_REQUIRED ACTION:_ Copy out every entry that follows, without a single picture.

Records excerpted from a collection:
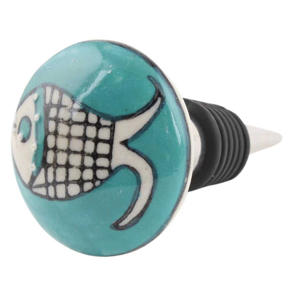 Sea Green Fish Ceramic Wine Bottle Stopper
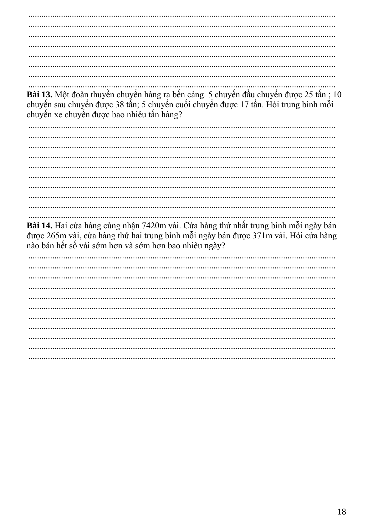 Bài 13. Một đoàn thuyền chuyển hàng ra bến cảng. 5 chuyến đầu chuyển được 25 tấn ; 10
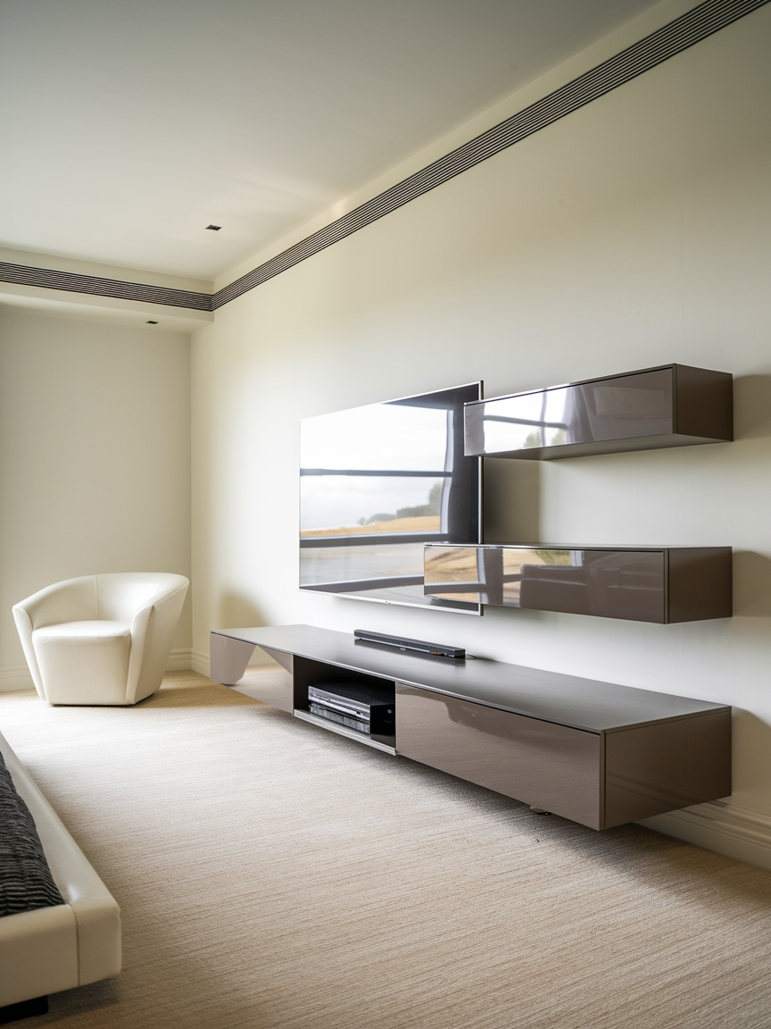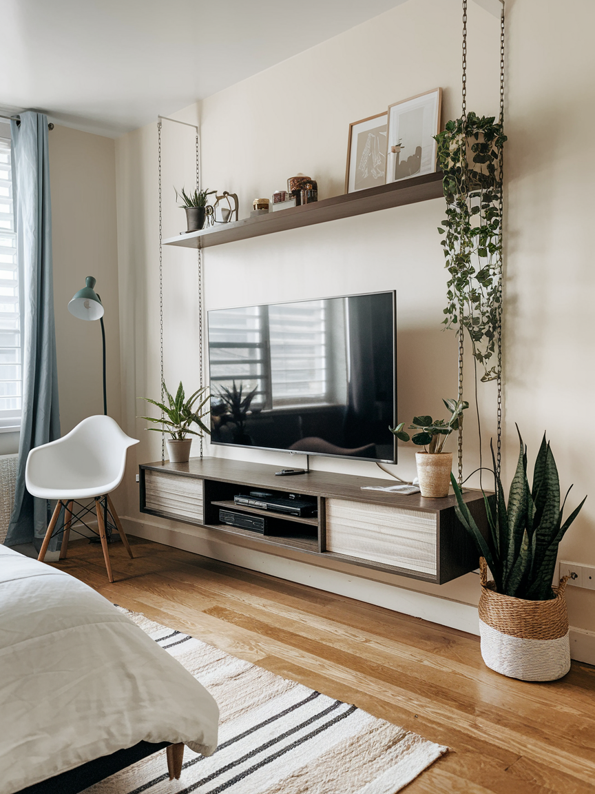 14. Minimalist TV Setup with Floating Shelves
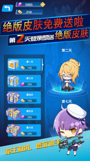 2.新手七日签到赠送限定武器涂装,连续登录获取成长资源
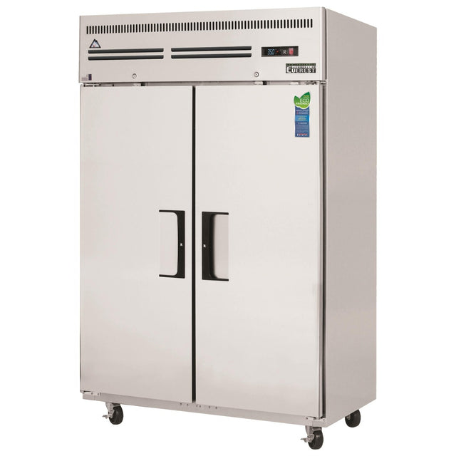 Reach-In Refrigerator, two-section, 49-5/8"W, 48.0 cu. ft. capacity, self-contained top mounted refrigeration, (2) solid hinged self-closing field reversible doors (locking), (6) epoxy coated wire shelves, height adjustable clips, digital controls with LED display, auto defrost, LED interior lighting, pressure relief port, stainless steel interior, stainless steel sides, galvanized steel top, bottom & rear, (4) 5" swivel casters (2 locking), R290 Hydrocarbon refrigerant, 1/4 HP, 115v/60/1-ph, 3.8 amps, cord, NEMA 5-15P, NSF, cETLus, ETL-Sanitation, ENERGY STAR
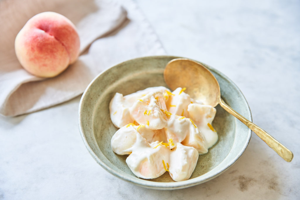 ジューシーな桃をクリームチーズを使った洋風の白和え衣と和えます。
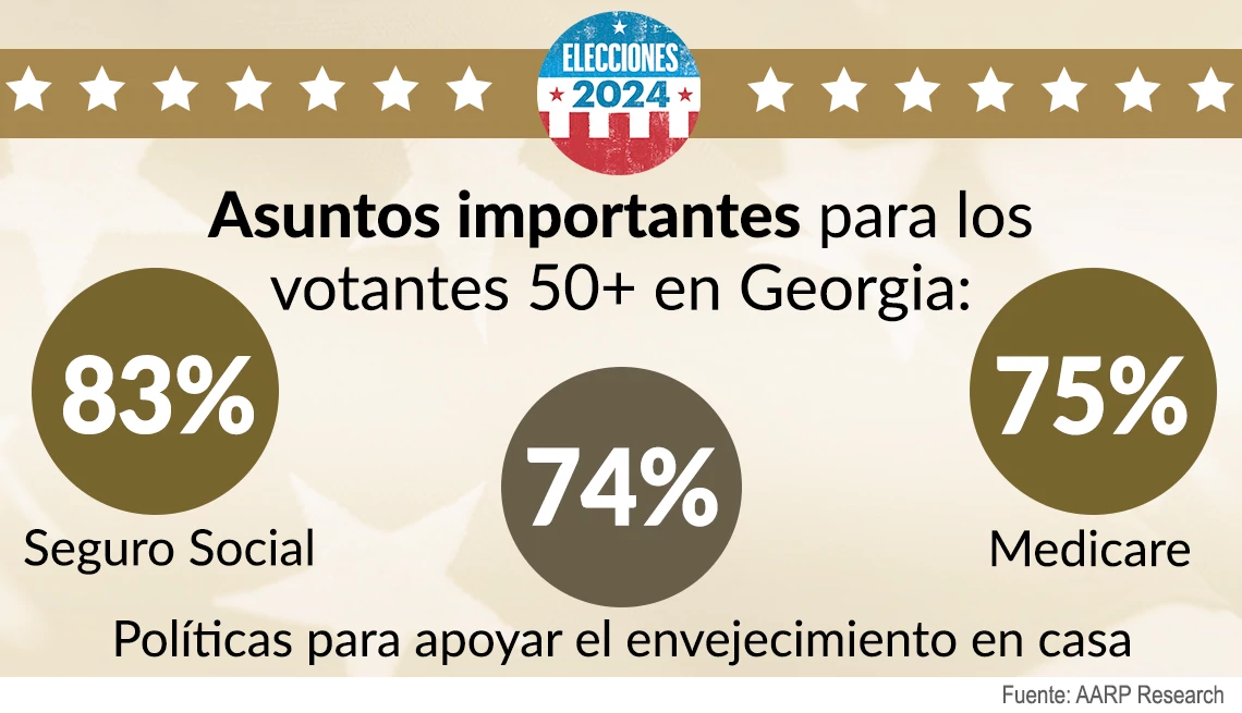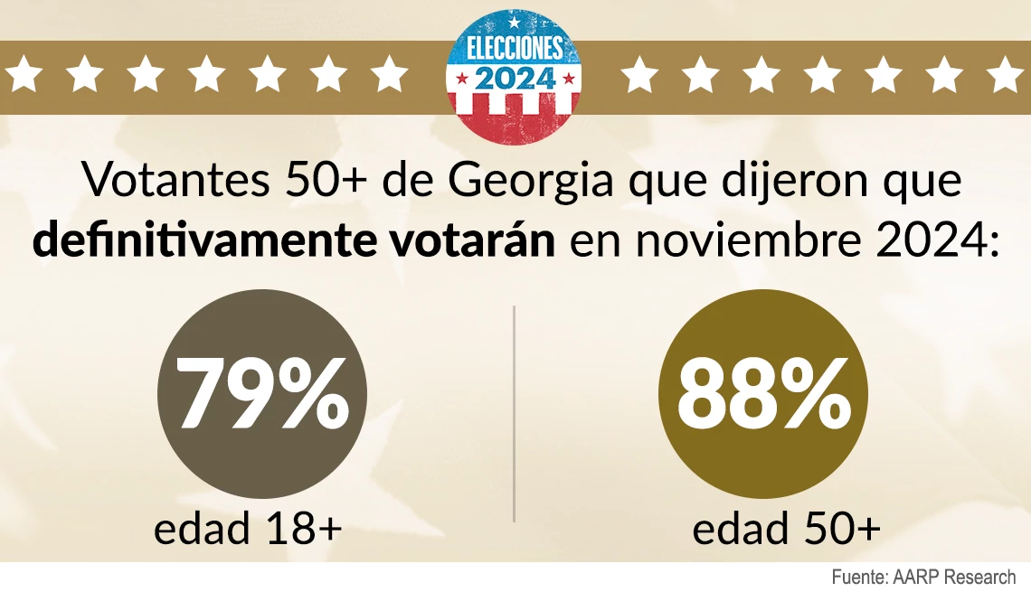 "Los votantes de Georgia mayores de 50 años son el bloque de votantes más grande y podrían inclinar la balanza a favor de cualquier candidato en estas elecciones", dice Vanessa J. Payne, directora estatal de AARP Georgia. "Con la carrera tan reñida, los candidatos harían bien en centrarse en los temas que importan a los votantes mayores, como proteger el Seguro Social y apoyar a los cuidadores familiares".
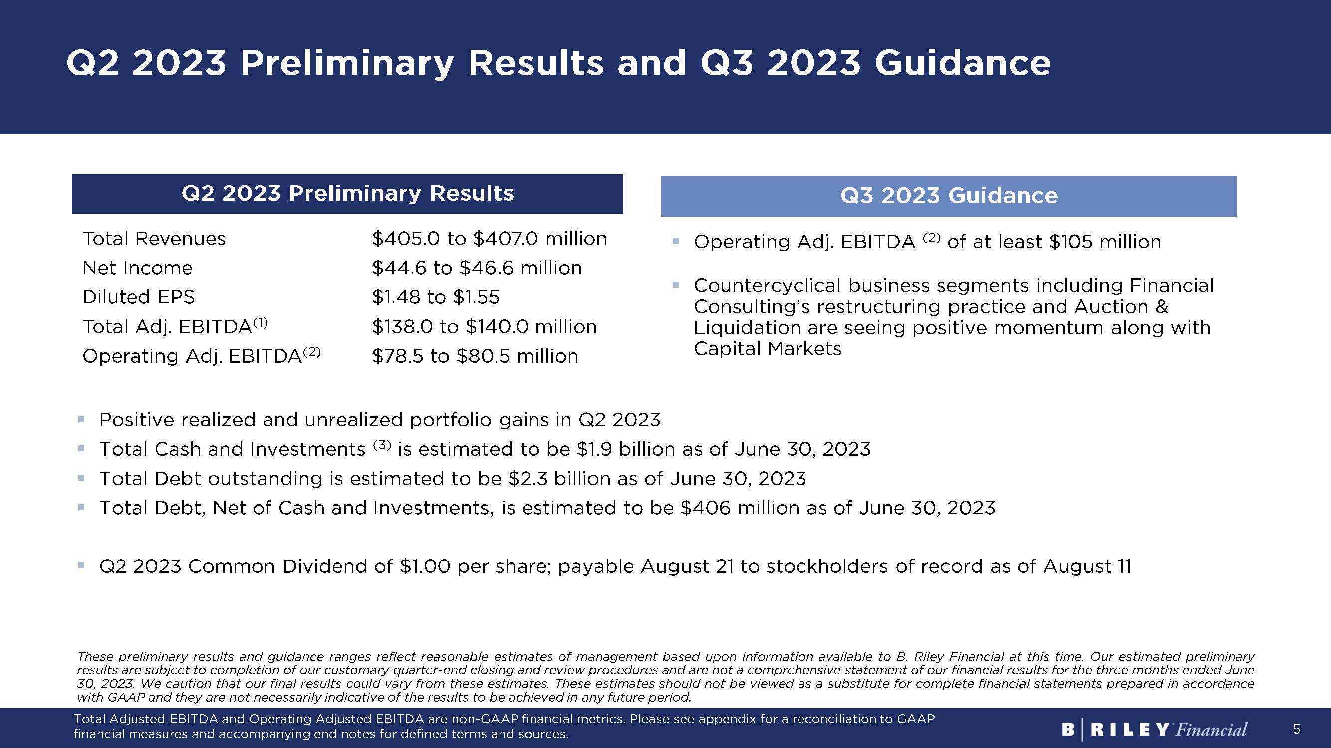 5 Q2 2023 Preliminary Results Total Revenues $405.0 to $407.0 million Net Income $44.6 to $46.6 million Diluted EPS $1.48 to $1.55 Total Adj. EBITDA (1) $138.0 to $140.0 million Operating Adj. EBITDA (2) $78.5 to $80.5 million Q3 2023 Guidance ▪ Positive realized and unrealized portfolio gains in Q 2 2023 ▪ Total Cash and Investments ( 3 ) is estimated to be $ 1 . 9 billion as of June 30 , 2023 ▪ Total Debt outstanding is estimated to be $ 2 . 3 billion as of June 30 , 2023 ▪ Total Debt, Net of Cash and Investments, is estimated to be $ 406 million as of June 30 , 2023 ▪ Q 2 2023 Common Dividend of $ 1 . 00 per share ; payable August 21 to stockholders of record as of August 11 These preliminary results and guidance ranges reflect reasonable estimates of management based upon information available to B . Riley Financial at this time . Our estimated preliminary results are subject to completion of our customary quarter - end closing and review procedures and are not a comprehensive statement of our financial results for the three months ended June 30 , 2023 . We caution that our final results could vary from these estimates . These estimates should not be viewed as a substitute for complete financial statements prepared in accordance with GAAP and they are not necessarily indicative of the results to be achieved in any future period . ▪ Operating Adj. EBITDA (2) of at least $105 million ▪ Countercyclical business segments including Financial Consulting’s restructuring practice and Auction & Liquidation are seeing positive momentum along with Capital Markets Q2 2023 Preliminary Results and Q3 2023 Guidance Total Adjusted EBITDA and Operating Adjusted EBITDA are non - GAAP financial metrics. Please see appendix for a reconciliation to GAAP financial measures and accompanying end notes for defined terms and sources.
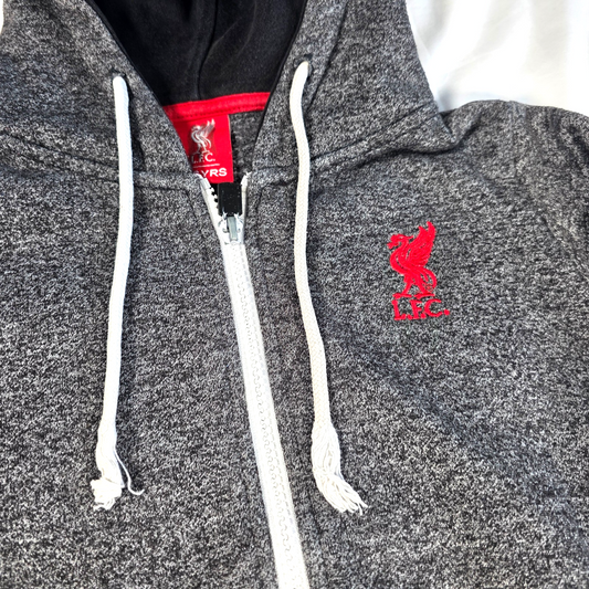 Excellent ConditionLiverpool FC Full Zip Hoodie with embroidered LFC crest on chest. Stylish grey marl design with contrast black lining, white zip and drawstrings, perfect for everyday wear or matchday support. Excellent condition Boys Size 5–6 Years Genuine Liverpool FC hoodie Ideal for casual wear, school or keeping warm while...
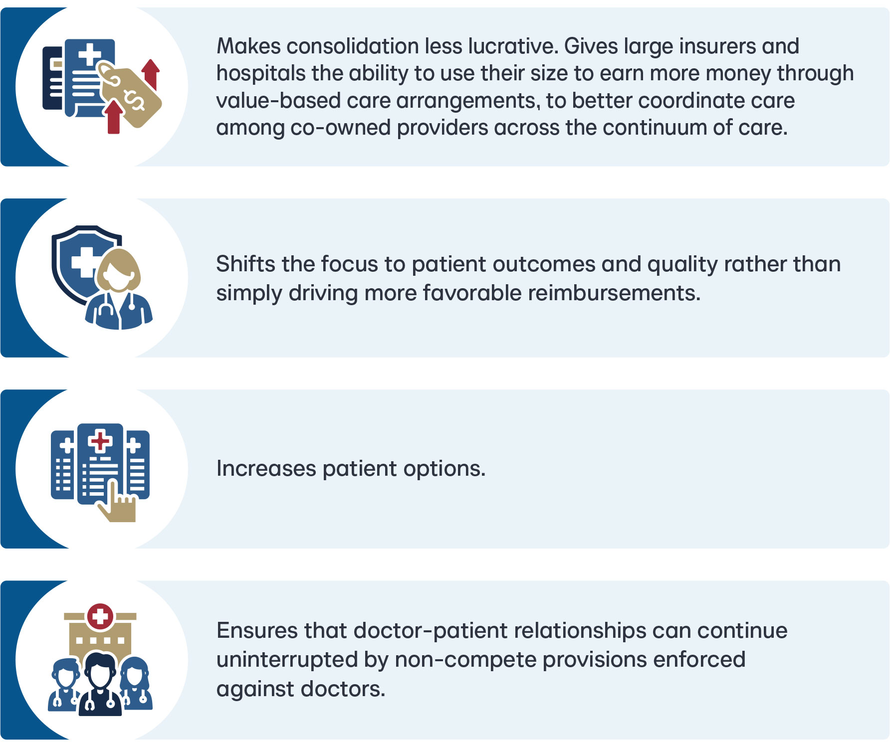 States should prohibit burdensome contract restrictions that reduce the availability of physicians and other in-demand healthcare workers. And health systems and other providers should negotiate reimbursement contracts with insurers on a level playing field that puts patients first, not their bottom lines.
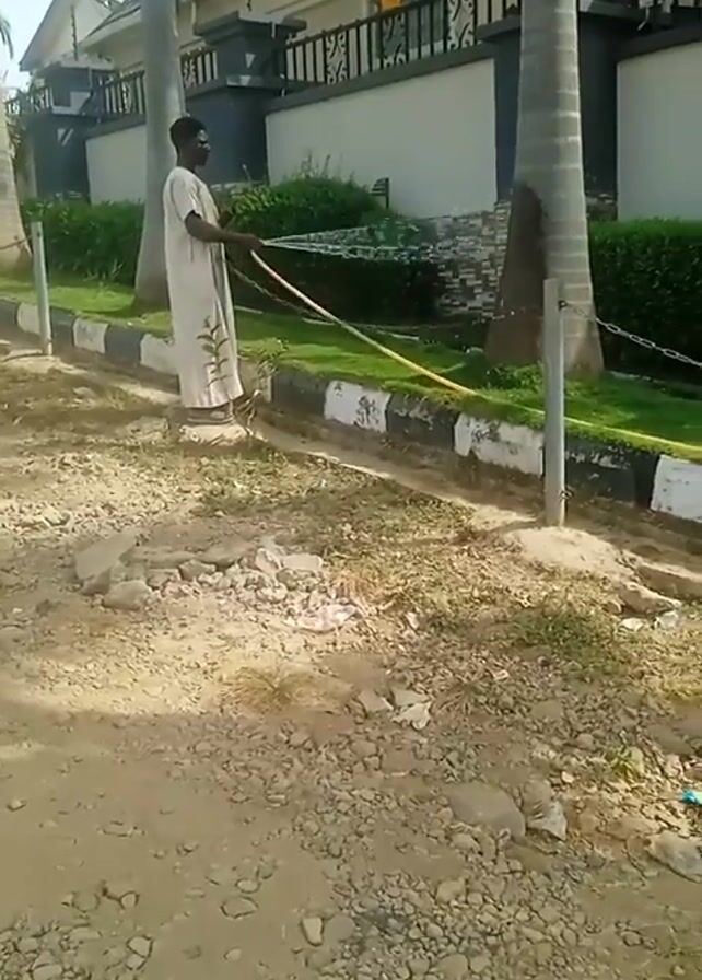 A person wearing a light-colored robe and a mask is watering the lawn along the front of a large, multi-story house with a dark gray roof. The house has a white wall with a black wrought iron fence on top, as well as palm trees and neatly trimmed green bushes. The ground is dirt and gravel, with some grass near the curb. The curb is painted with alternating black and white stripes, and thin metal posts with chains are placed along the lawn. The camera pans to the right after the person walks out of frame, showing the landscaping in more detail.
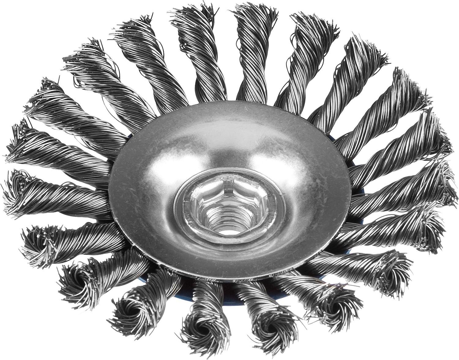 - Повышенный ресурс щетки благодаря еще более высокой жесткости сплетенного пучка и увеличенной толщине проволоки
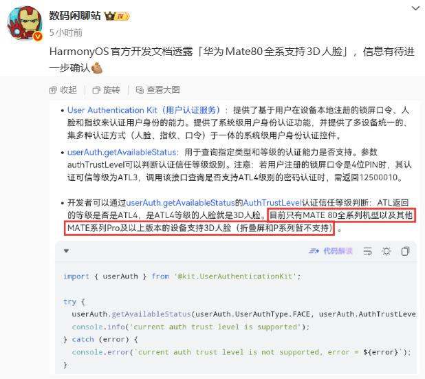 Moreover, this isn't just unverified information from third-party sources; it's data that has appeared in Huawei's developer documentation, lending it a high degree of credibility. Although there have been reports suggesting that the documentation is no longer accessible, it remains unclear whether it has been deleted or simply hidden. Since this information has already been made public, many have chosen to believe in its authenticity. Regarding Huawei's decision to incorporate Pro-level features into the Standard Edition, I believe that with HarmonyOS at a pivotal stage of development—HarmonyOS 5 is gradually reaching maturity, and HarmonyOS 6 has already been unveiled—there's a pressing need for more new devices to promote the ecosystem.
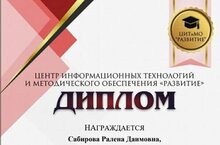 Поздравляем учителя родного языка Сабирову Ралену Даимовну - победителя Всероссийской Олимпиады руководителей и педагогов образовательных организаций "Воспитательный процесс в современной школе" в рамках научно-практической конференции "Теория и методика воспитательной работы в шуток" (Центр информационных технологий и методического обеспечения "Развитие").

_RESULT FOR THIS TASK:_
 Sea Green Fish Ceramic Wine Bottle Stopper
 Bài 13. Một đoàn thuyền chuyển hàng ra bến cảng. 5 chuyến đầu chuyển được 25 tấn ; 10
 14. Minimalist TV Setup with Floating Shelves
 2.新手七日签到赠送限定武器涂装,连续登录获取成长资源
 Reach-In Refrigerator, two-section, 49-5/8"W, 48.0 cu. ft. capacity, self-contained top mounted refrigeration, (2) solid hinged self-closing field reversible doors (locking), (6) epoxy coated wire shelves, height adjustable clips, digital controls with LED display, auto defrost, LED interior lighting, pressure relief port, stainless steel interior, stainless steel sides, galvanized steel top, bottom & rear, (4) 5" swivel casters (2 locking), R290 Hydrocarbon refrigerant, 1/4 HP, 115v/60/1-ph, 3.8 amps, cord, NEMA 5-15P, NSF, cETLus, ETL-Sanitation, ENERGY STAR
 ジューシーな桃をクリームチーズを使った洋風の白和え衣と和えます。
 "Los votantes de Georgia mayores de 50 años son el bloque de votantes más grande y podrían inclinar la balanza a favor de cualquier candidato en estas elecciones", dice Vanessa J. Payne, directora estatal de AARP Georgia. "Con la carrera tan reñida, los candidatos harían bien en centrarse en los temas que importan a los votantes mayores, como proteger el Seguro Social y apoyar a los cuidadores familiares".
 5 Q2 2023 Preliminary Results Total Revenues $405.0 to $407.0 million Net Income $44.6 to $46.6 million Diluted EPS $1.48 to $1.55 Total Adj. EBITDA (1) $138.0 to $140.0 million Operating Adj. EBITDA (2) $78.5 to $80.5 million Q3 2023 Guidance ▪ Positive realized and unrealized portfolio gains in Q 2 2023 ▪ Total Cash and Investments ( 3 ) is estimated to be $ 1 . 9 billion as of June 30 , 2023 ▪ Total Debt outstanding is estimated to be $ 2 . 3 billion as of June 30 , 2023 ▪ Total Debt, Net of Cash and Investments, is estimated to be $ 406 million as of June 30 , 2023 ▪ Q 2 2023 Common Dividend of $ 1 . 00 per share ; payable August 21 to stockholders of record as of August 11 These preliminary results and guidance ranges reflect reasonable estimates of management based upon information available to B . Riley Financial at this time . Our estimated preliminary results are subject to completion of our customary quarter - end closing and review procedures and are not a comprehensive statement of our financial results for the three months ended June 30 , 2023 . We caution that our final results could vary from these estimates . These estimates should not be viewed as a substitute for complete financial statements prepared in accordance with GAAP and they are not necessarily indicative of the results to be achieved in any future period . ▪ Operating Adj. EBITDA (2) of at least $105 million ▪ Countercyclical business segments including Financial Consulting’s restructuring practice and Auction & Liquidation are seeing positive momentum along with Capital Markets Q2 2023 Preliminary Results and Q3 2023 Guidance Total Adjusted EBITDA and Operating Adjusted EBITDA are non - GAAP financial metrics. Please see appendix for a reconciliation to GAAP financial measures and accompanying end notes for defined terms and sources.
 Excellent ConditionLiverpool FC Full Zip Hoodie with embroidered LFC crest on chest. Stylish grey marl design with contrast black lining, white zip and drawstrings, perfect for everyday wear or matchday support. Excellent condition Boys Size 5–6 Years Genuine Liverpool FC hoodie Ideal for casual wear, school or keeping warm while...
 States should prohibit burdensome contract restrictions that reduce the availability of physicians and other in-demand healthcare workers. And health systems and other providers should negotiate reimbursement contracts with insurers on a level playing field that puts patients first, not their bottom lines.
 A person wearing a light-colored robe and a mask is watering the lawn along the front of a large, multi-story house with a dark gray roof. The house has a white wall with a black wrought iron fence on top, as well as palm trees and neatly trimmed green bushes. The ground is dirt and gravel, with some grass near the curb. The curb is painted with alternating black and white stripes, and thin metal posts with chains are placed along the lawn. The camera pans to the right after the person walks out of frame, showing the landscaping in more detail.
 - Повышенный ресурс щетки благодаря еще более высокой жесткости сплетенного пучка и увеличенной толщине проволоки
 Moreover, this isn't just unverified information from third-party sources; it's data that has appeared in Huawei's developer documentation, lending it a high degree of credibility. Although there have been reports suggesting that the documentation is no longer accessible, it remains unclear whether it has been deleted or simply hidden. Since this information has already been made public, many have chosen to believe in its authenticity. Regarding Huawei's decision to incorporate Pro-level features into the Standard Edition, I believe that with HarmonyOS at a pivotal stage of development—HarmonyOS 5 is gradually reaching maturity, and HarmonyOS 6 has already been unveiled—there's a pressing need for more new devices to promote the ecosystem.
 Поздравляем учителя родного языка Сабирову Ралену Даимовну - победителя Всероссийской Олимпиады руководителей и педагогов образовательных организаций "Воспитательный процесс в современной школе" в рамках научно-практической конференции "Теория и методика воспитательной работы в шуток" (Центр информационных технологий и методического обеспечения "Развитие").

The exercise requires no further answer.